[RAW DATA]
******
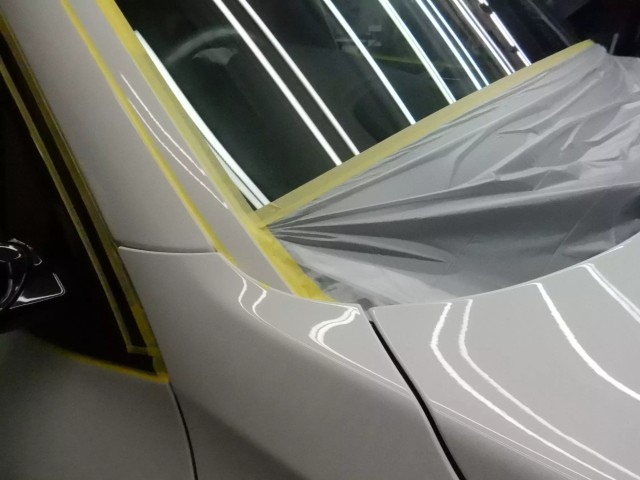 施工時は画像の様に1台毎に間仕切を使う事でコンパウンド等の粉の被害や温度湿度管理を適正にします。じつはこれ非常に大切な施工環境になりますので要チェックですよ。
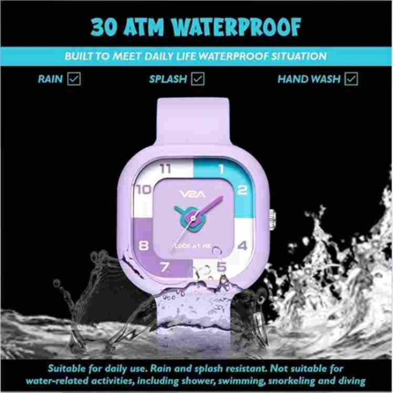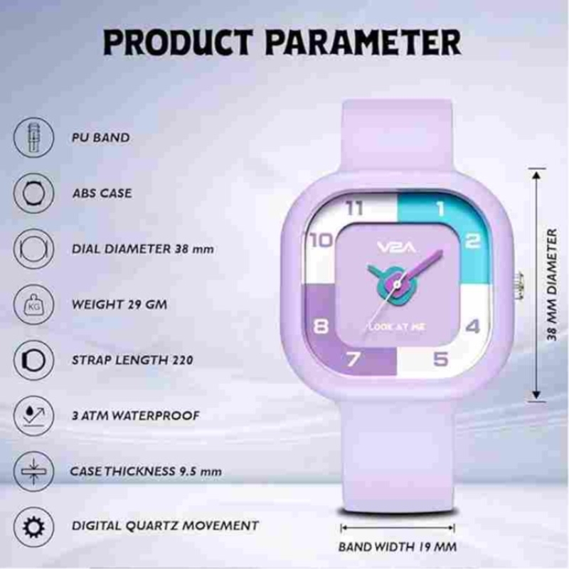 The V2A is a cute and durable kids' watch designed for children aged 4-13 years. Featuring a square dial with color scheme and a comfortable resin band, this watch is water-resistant up to 30 meters, making it perfect for daily activities and outdoor play. The adjustable strap ensures a snug and secure fit for kids of different sizes.
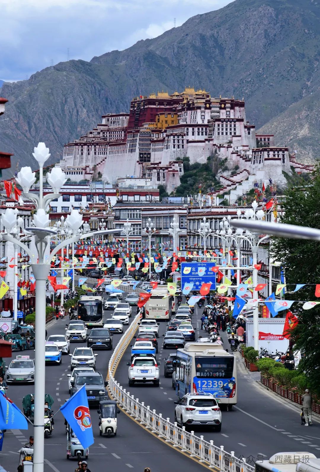 圖為彩旗飄揚(yáng)、裝飾一新的拉薩市北京中路。記者 唐斌 洛桑 攝
******
[ASSIGNMENT] Pictures are not part of the copy; reproduce exactly and only the lines from the line containing "The V2A is a" through the end of the listing.

[ANSWER SPACE]
 The V2A is a cute and durable kids' watch designed for children aged 4-13 years. Featuring a square dial with color scheme and a comfortable resin band, this watch is water-resistant up to 30 meters, making it perfect for daily activities and outdoor play. The adjustable strap ensures a snug and secure fit for kids of different sizes.
 圖為彩旗飄揚(yáng)、裝飾一新的拉薩市北京中路。記者 唐斌 洛桑 攝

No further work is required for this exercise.